[Data extract Boundary: Start]

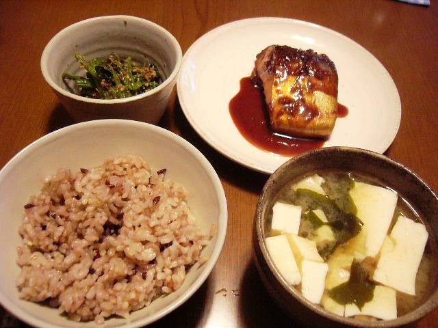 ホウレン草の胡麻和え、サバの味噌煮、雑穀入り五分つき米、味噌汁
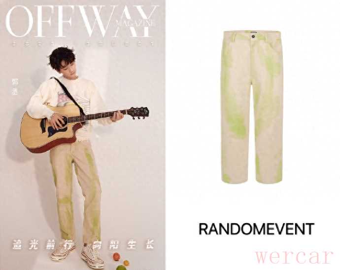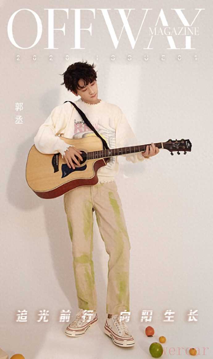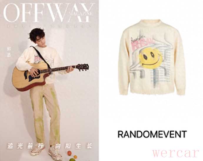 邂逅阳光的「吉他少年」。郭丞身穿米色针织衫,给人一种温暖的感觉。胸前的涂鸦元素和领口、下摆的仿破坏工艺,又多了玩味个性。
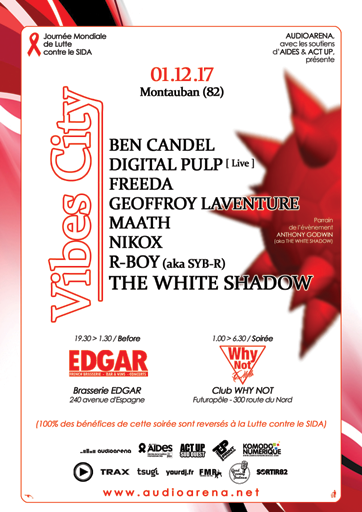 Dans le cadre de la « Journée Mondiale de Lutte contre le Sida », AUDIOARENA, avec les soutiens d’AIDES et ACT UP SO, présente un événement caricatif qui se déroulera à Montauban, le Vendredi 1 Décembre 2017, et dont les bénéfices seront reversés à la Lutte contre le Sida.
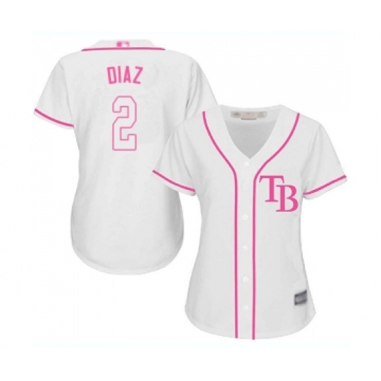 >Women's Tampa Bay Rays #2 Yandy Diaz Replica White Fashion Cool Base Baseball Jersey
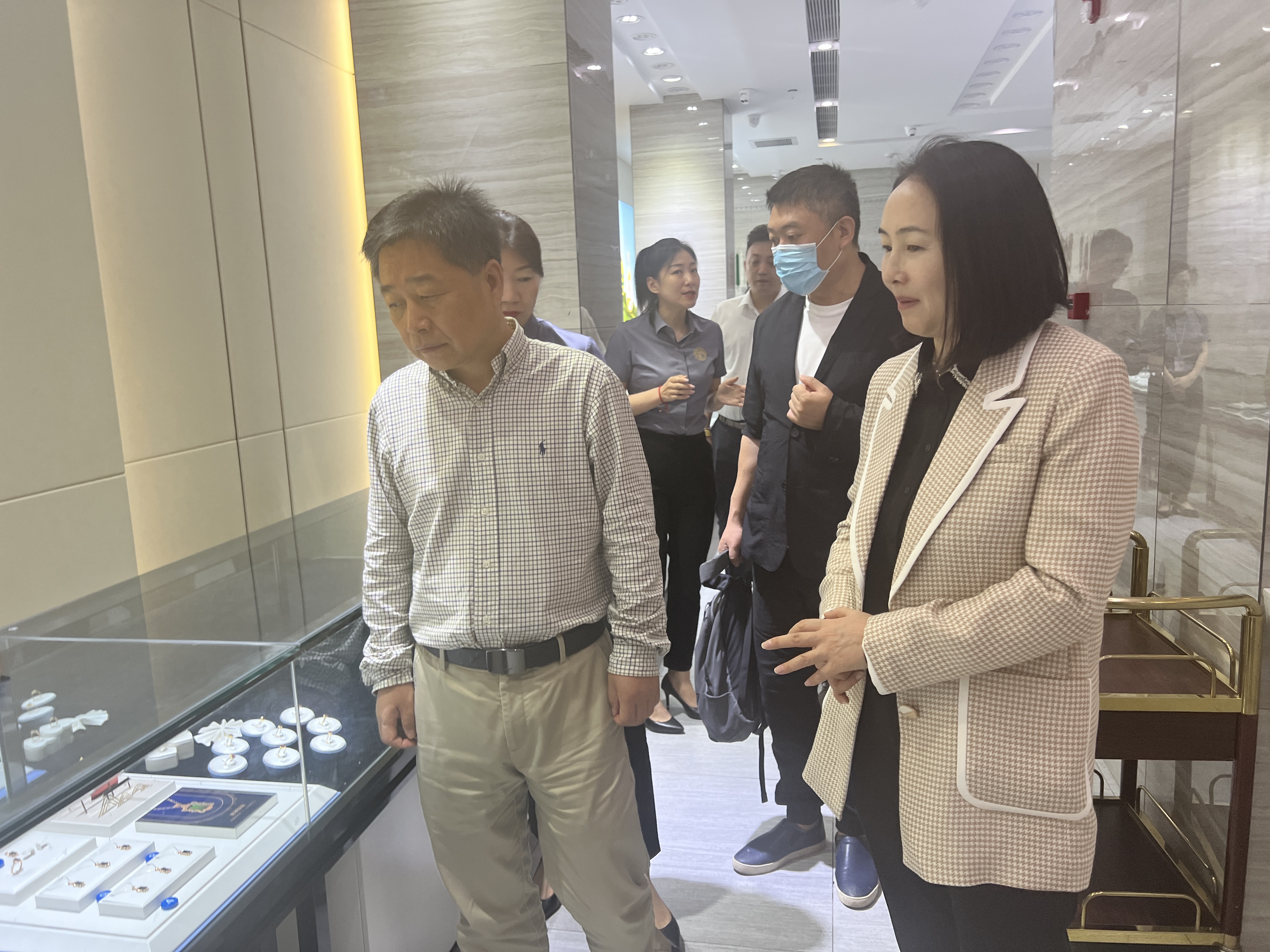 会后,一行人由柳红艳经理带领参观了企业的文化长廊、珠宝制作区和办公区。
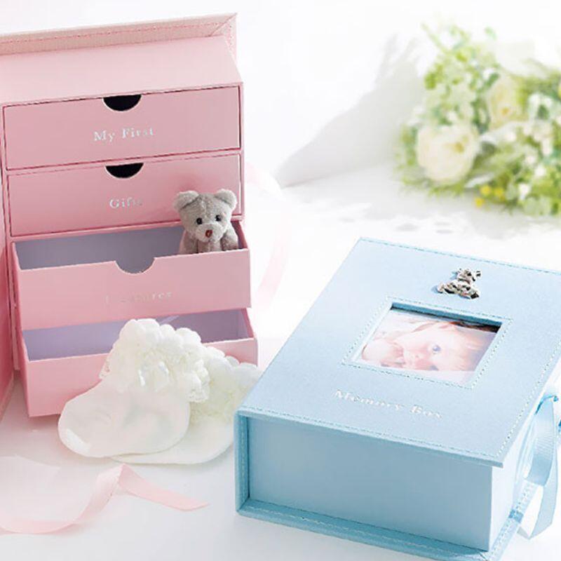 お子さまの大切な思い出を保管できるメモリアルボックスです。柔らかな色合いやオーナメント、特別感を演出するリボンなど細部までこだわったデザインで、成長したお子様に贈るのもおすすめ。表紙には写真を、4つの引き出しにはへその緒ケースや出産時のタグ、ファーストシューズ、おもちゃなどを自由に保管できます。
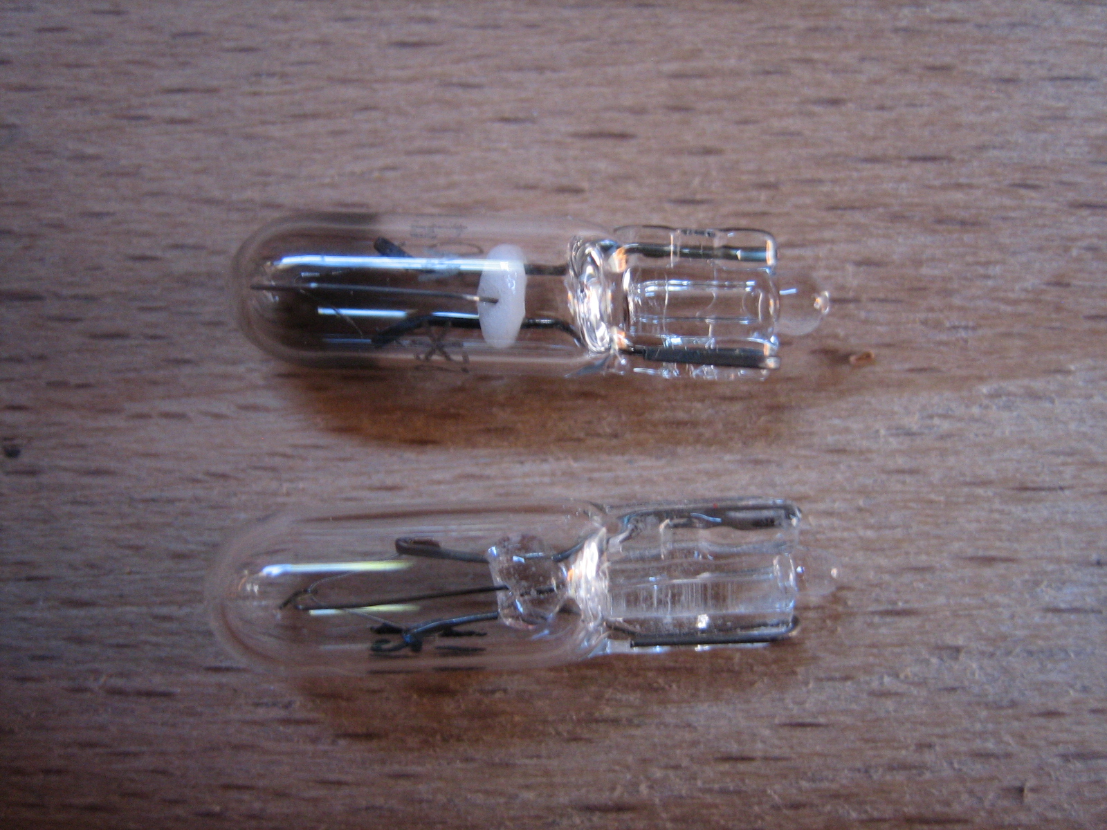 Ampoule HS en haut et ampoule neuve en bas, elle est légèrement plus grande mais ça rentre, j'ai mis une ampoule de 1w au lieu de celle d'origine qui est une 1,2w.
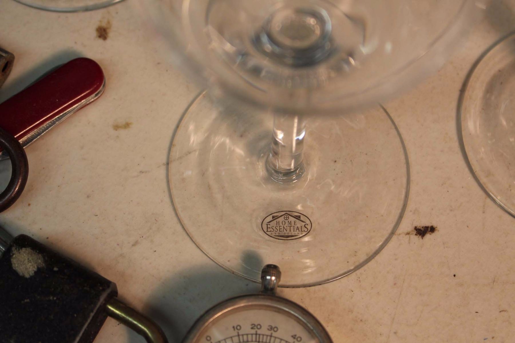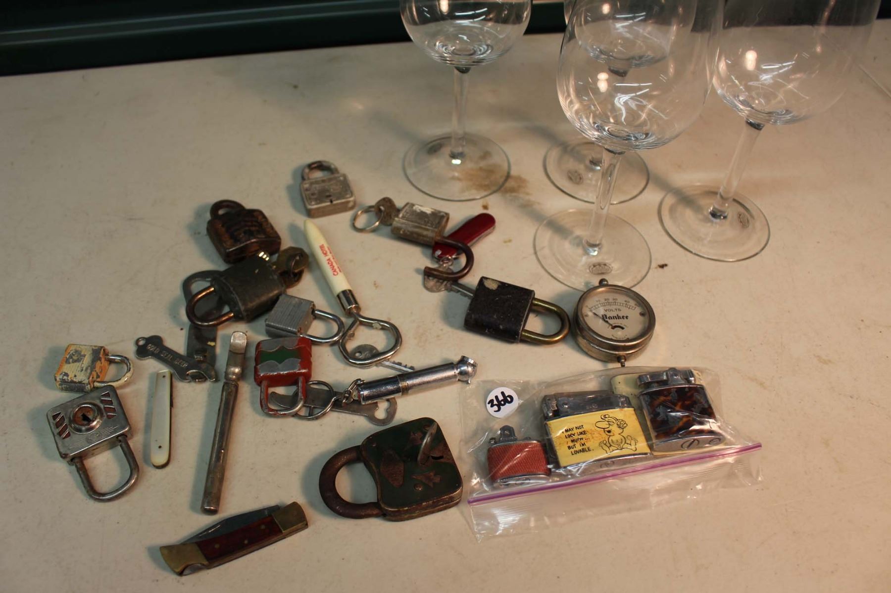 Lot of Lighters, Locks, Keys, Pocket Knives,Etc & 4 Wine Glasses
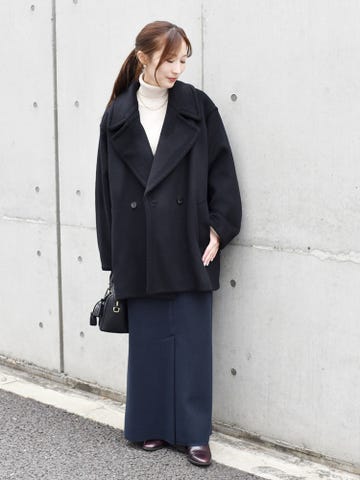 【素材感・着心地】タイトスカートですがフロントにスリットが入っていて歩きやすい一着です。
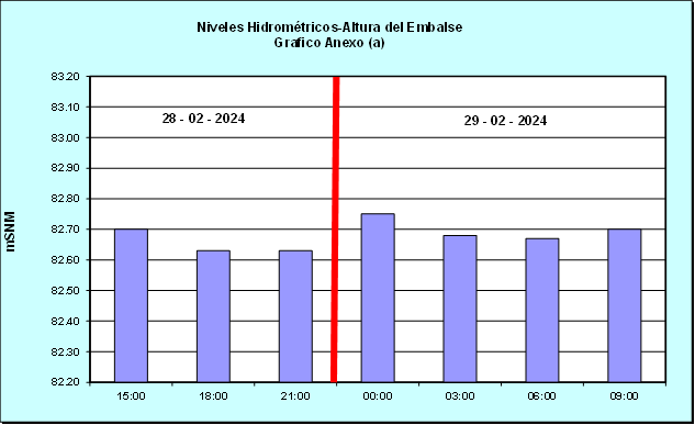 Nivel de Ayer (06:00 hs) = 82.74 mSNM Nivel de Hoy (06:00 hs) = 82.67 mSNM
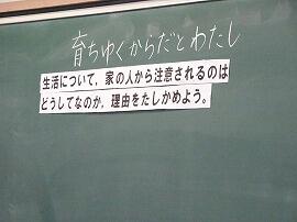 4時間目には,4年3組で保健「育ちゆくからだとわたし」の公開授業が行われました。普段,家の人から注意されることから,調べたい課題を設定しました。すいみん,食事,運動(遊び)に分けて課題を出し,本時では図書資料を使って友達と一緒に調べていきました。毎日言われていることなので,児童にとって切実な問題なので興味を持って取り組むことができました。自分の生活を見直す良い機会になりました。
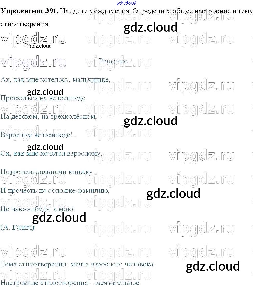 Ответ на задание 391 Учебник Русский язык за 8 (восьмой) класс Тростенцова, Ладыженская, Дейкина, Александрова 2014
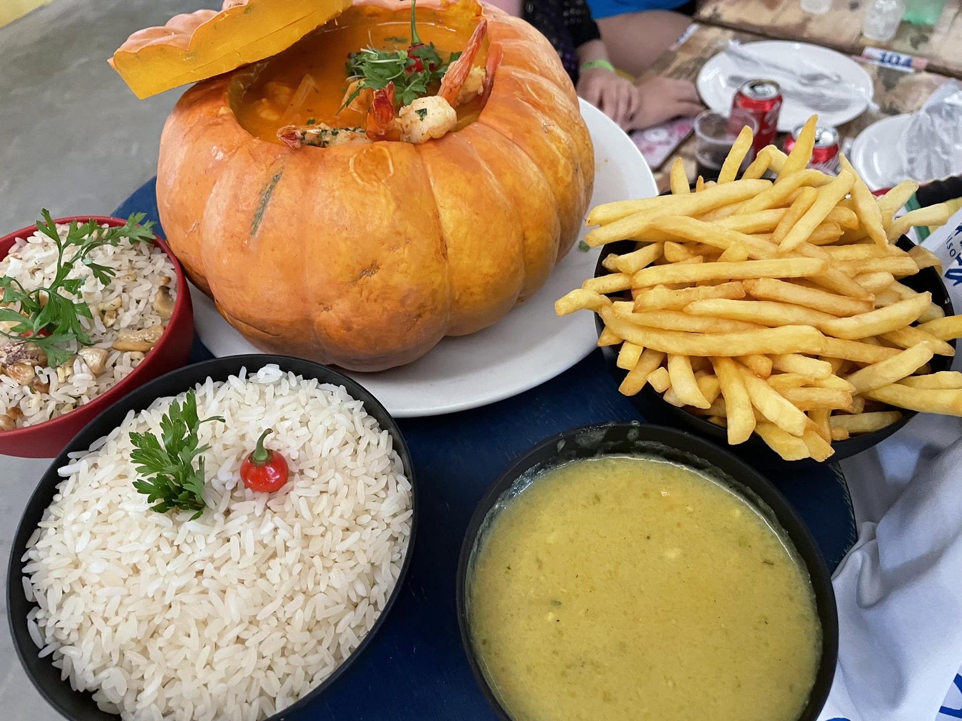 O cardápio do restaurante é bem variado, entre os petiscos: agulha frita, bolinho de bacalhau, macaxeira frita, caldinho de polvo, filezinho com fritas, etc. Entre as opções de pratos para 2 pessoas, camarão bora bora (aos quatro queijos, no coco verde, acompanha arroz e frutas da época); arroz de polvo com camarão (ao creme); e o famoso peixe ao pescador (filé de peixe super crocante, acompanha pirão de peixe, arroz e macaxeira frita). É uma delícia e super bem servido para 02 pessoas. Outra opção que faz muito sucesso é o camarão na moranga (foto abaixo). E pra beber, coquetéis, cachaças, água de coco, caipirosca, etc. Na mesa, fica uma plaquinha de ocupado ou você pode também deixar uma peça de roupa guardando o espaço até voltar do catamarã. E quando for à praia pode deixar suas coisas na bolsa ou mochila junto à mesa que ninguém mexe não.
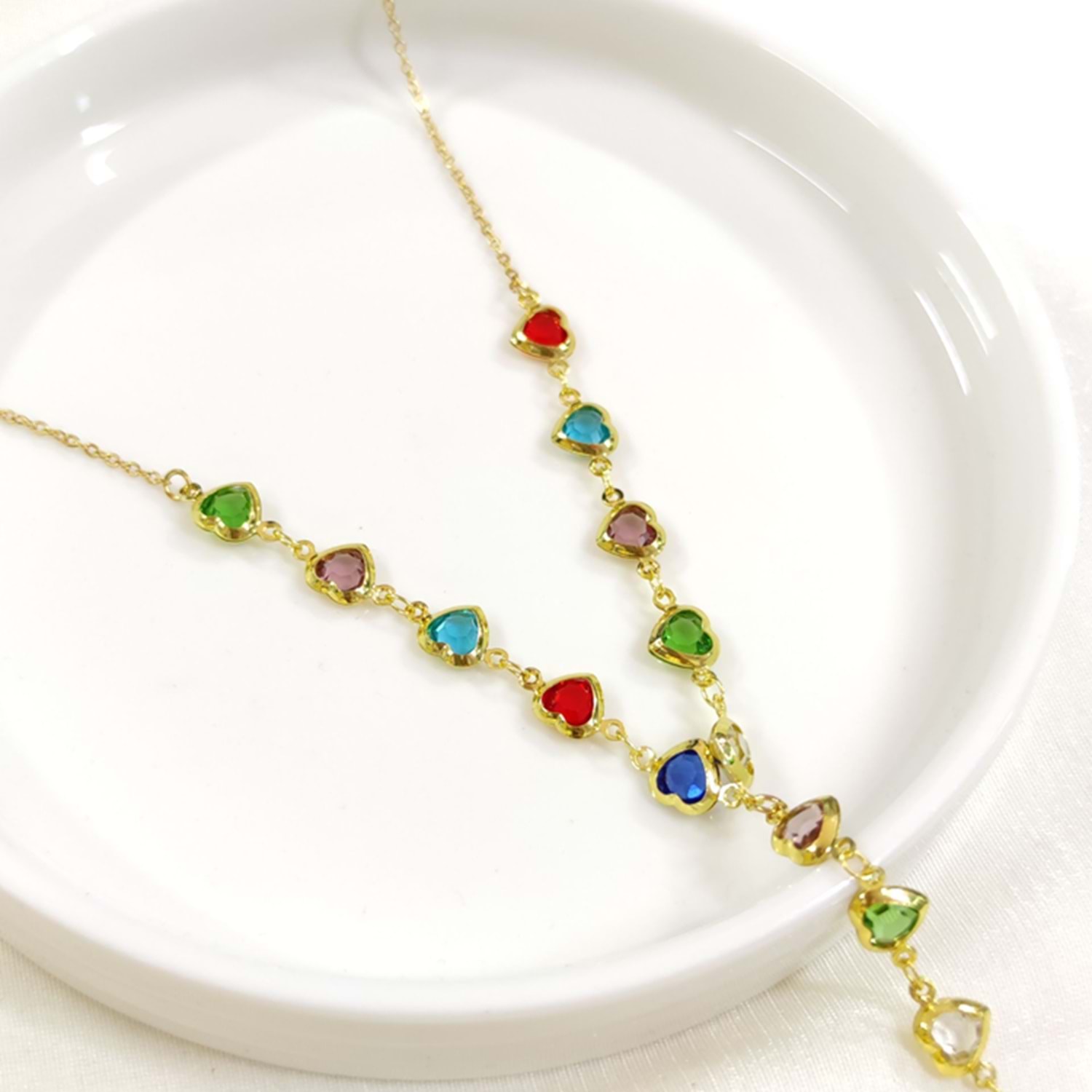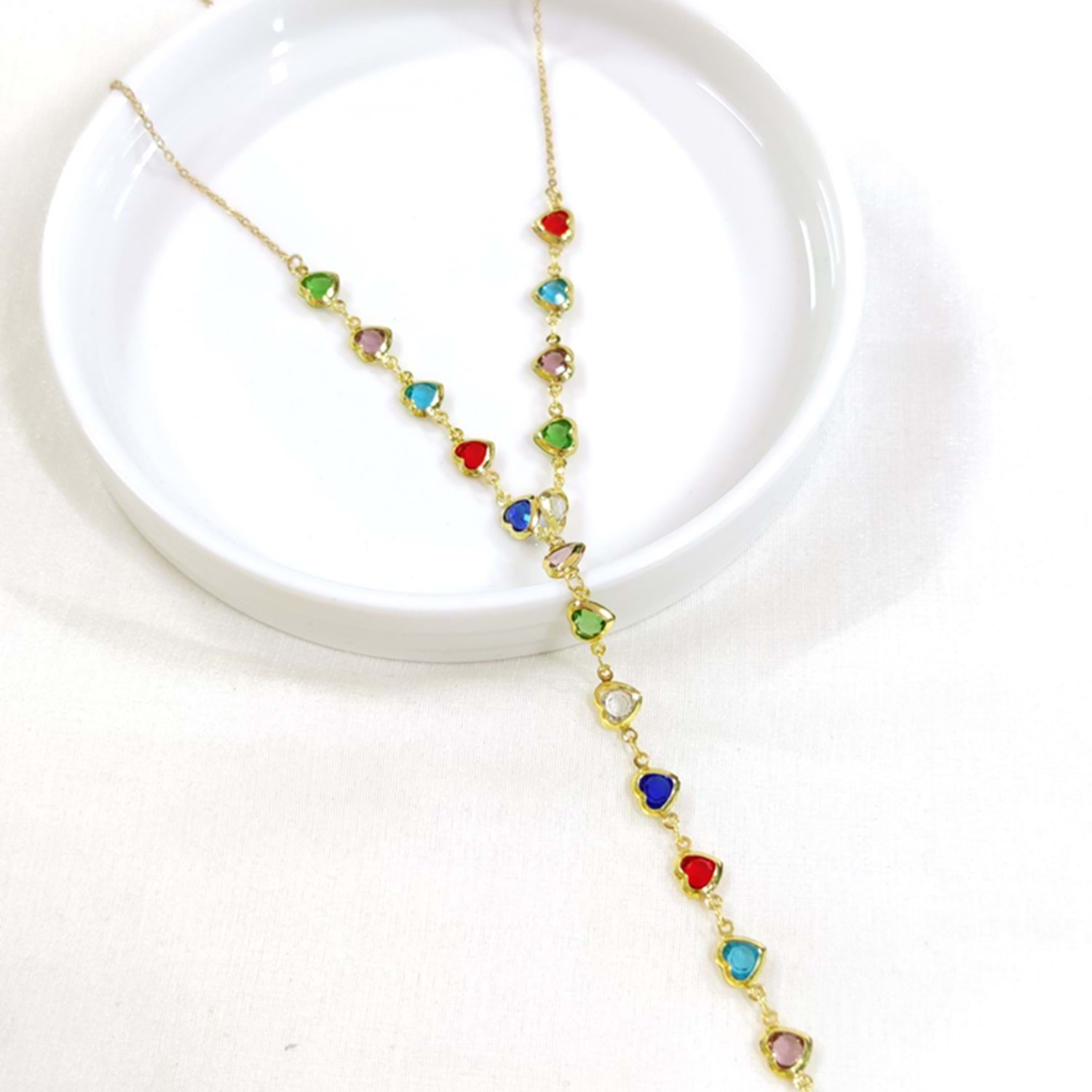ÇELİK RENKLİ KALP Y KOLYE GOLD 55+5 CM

[Data extract Boundary: End]

**What you need to do**
Although the records hold pictures, return only what remains, word for word.

**Written solution**
 ホウレン草の胡麻和え、サバの味噌煮、雑穀入り五分つき米、味噌汁
 邂逅阳光的「吉他少年」。郭丞身穿米色针织衫,给人一种温暖的感觉。胸前的涂鸦元素和领口、下摆的仿破坏工艺,又多了玩味个性。
 Dans le cadre de la « Journée Mondiale de Lutte contre le Sida », AUDIOARENA, avec les soutiens d’AIDES et ACT UP SO, présente un événement caricatif qui se déroulera à Montauban, le Vendredi 1 Décembre 2017, et dont les bénéfices seront reversés à la Lutte contre le Sida.
 >Women's Tampa Bay Rays #2 Yandy Diaz Replica White Fashion Cool Base Baseball Jersey
 会后,一行人由柳红艳经理带领参观了企业的文化长廊、珠宝制作区和办公区。
 お子さまの大切な思い出を保管できるメモリアルボックスです。柔らかな色合いやオーナメント、特別感を演出するリボンなど細部までこだわったデザインで、成長したお子様に贈るのもおすすめ。表紙には写真を、4つの引き出しにはへその緒ケースや出産時のタグ、ファーストシューズ、おもちゃなどを自由に保管できます。
 Ampoule HS en haut et ampoule neuve en bas, elle est légèrement plus grande mais ça rentre, j'ai mis une ampoule de 1w au lieu de celle d'origine qui est une 1,2w.
 Lot of Lighters, Locks, Keys, Pocket Knives,Etc & 4 Wine Glasses
 【素材感・着心地】タイトスカートですがフロントにスリットが入っていて歩きやすい一着です。
 Nivel de Ayer (06:00 hs) = 82.74 mSNM Nivel de Hoy (06:00 hs) = 82.67 mSNM
 4時間目には,4年3組で保健「育ちゆくからだとわたし」の公開授業が行われました。普段,家の人から注意されることから,調べたい課題を設定しました。すいみん,食事,運動(遊び)に分けて課題を出し,本時では図書資料を使って友達と一緒に調べていきました。毎日言われていることなので,児童にとって切実な問題なので興味を持って取り組むことができました。自分の生活を見直す良い機会になりました。
 Ответ на задание 391 Учебник Русский язык за 8 (восьмой) класс Тростенцова, Ладыженская, Дейкина, Александрова 2014
 O cardápio do restaurante é bem variado, entre os petiscos: agulha frita, bolinho de bacalhau, macaxeira frita, caldinho de polvo, filezinho com fritas, etc. Entre as opções de pratos para 2 pessoas, camarão bora bora (aos quatro queijos, no coco verde, acompanha arroz e frutas da época); arroz de polvo com camarão (ao creme); e o famoso peixe ao pescador (filé de peixe super crocante, acompanha pirão de peixe, arroz e macaxeira frita). É uma delícia e super bem servido para 02 pessoas. Outra opção que faz muito sucesso é o camarão na moranga (foto abaixo). E pra beber, coquetéis, cachaças, água de coco, caipirosca, etc. Na mesa, fica uma plaquinha de ocupado ou você pode também deixar uma peça de roupa guardando o espaço até voltar do catamarã. E quando for à praia pode deixar suas coisas na bolsa ou mochila junto à mesa que ninguém mexe não.
ÇELİK RENKLİ KALP Y KOLYE GOLD 55+5 CM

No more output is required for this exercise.